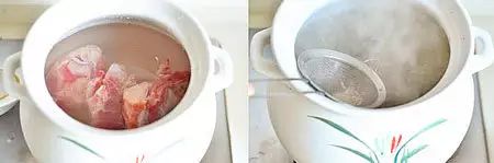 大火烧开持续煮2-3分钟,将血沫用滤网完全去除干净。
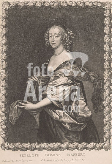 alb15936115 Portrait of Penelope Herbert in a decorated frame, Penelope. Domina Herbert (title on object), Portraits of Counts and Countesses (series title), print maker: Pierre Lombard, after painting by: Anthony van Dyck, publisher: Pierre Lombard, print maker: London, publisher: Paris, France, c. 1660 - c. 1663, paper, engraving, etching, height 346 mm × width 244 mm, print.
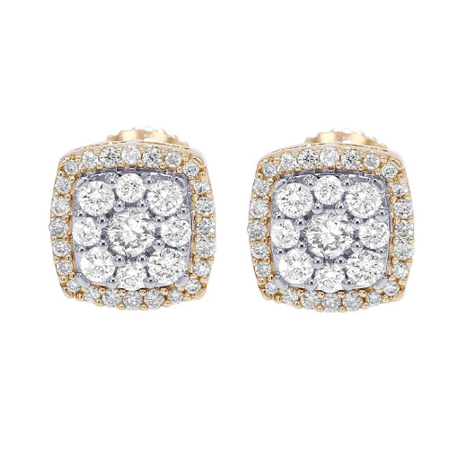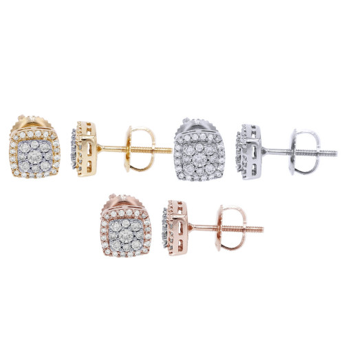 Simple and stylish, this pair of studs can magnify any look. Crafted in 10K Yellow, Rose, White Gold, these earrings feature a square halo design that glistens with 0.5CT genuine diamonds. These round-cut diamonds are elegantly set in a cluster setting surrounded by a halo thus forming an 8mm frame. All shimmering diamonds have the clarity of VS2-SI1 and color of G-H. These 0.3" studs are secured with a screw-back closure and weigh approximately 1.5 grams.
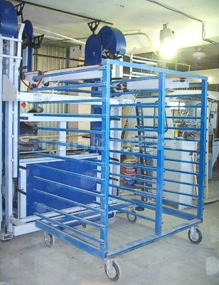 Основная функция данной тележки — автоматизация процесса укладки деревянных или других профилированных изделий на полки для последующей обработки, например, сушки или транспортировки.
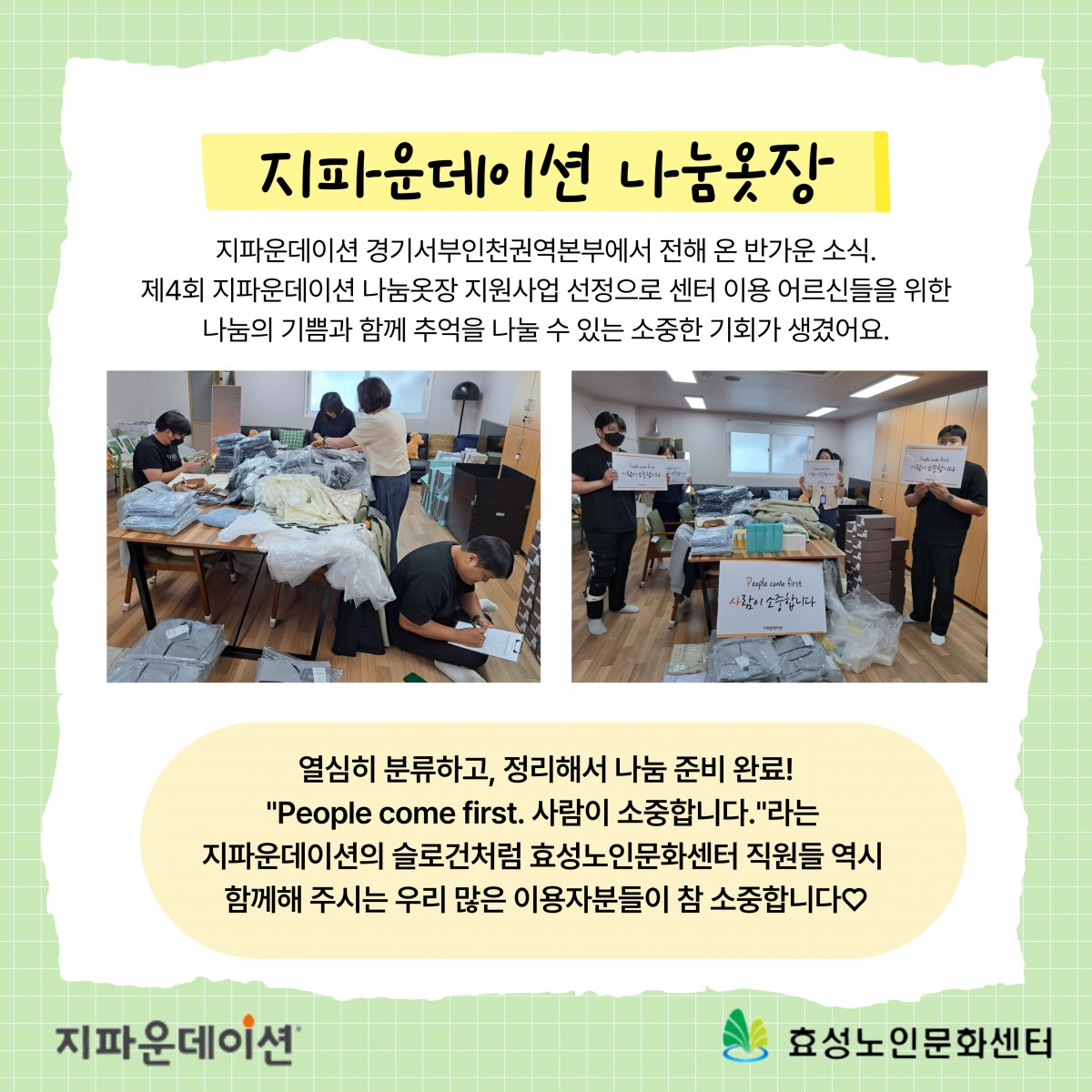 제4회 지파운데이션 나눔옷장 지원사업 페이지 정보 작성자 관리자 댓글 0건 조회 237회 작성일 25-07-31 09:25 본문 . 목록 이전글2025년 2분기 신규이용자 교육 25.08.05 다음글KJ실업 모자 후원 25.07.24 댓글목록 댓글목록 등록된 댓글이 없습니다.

* * *

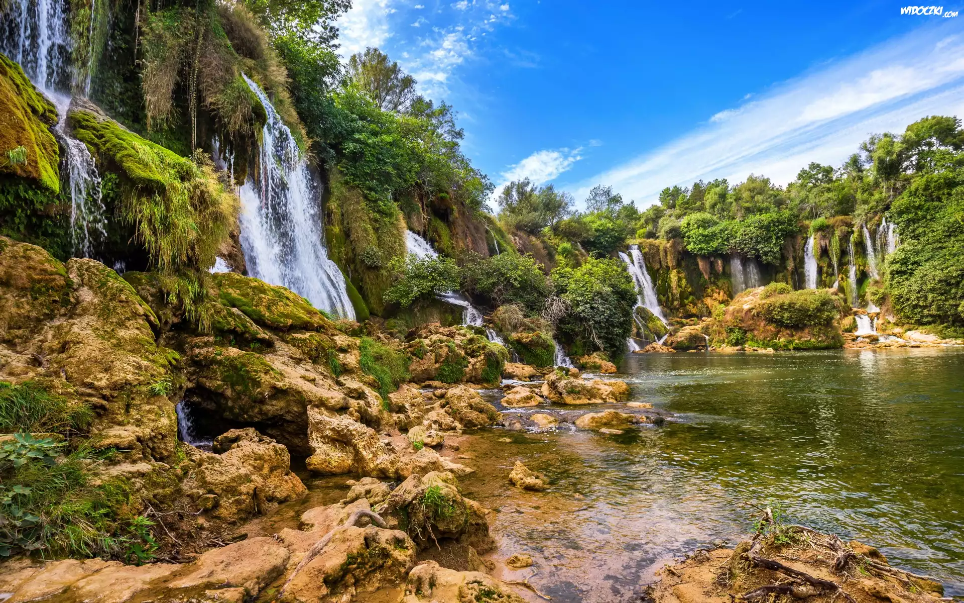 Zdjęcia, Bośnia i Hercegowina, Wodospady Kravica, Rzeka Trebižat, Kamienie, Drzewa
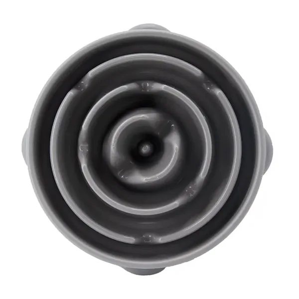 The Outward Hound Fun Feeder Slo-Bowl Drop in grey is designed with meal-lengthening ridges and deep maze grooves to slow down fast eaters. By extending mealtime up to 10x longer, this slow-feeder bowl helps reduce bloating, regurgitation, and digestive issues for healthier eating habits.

---

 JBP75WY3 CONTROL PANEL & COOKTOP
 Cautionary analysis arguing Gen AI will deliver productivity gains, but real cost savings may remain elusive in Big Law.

Your instructions:
Retype only this portion of the data above: the line containing "JBP75WY3 CONTROL PANEL & COOKTOP", the line containing "Cautionary analysis arguing", and all lines between them, exactly.

Exercise answer:
 JBP75WY3 CONTROL PANEL & COOKTOP
 Cautionary analysis arguing Gen AI will deliver productivity gains, but real cost savings may remain elusive in Big Law.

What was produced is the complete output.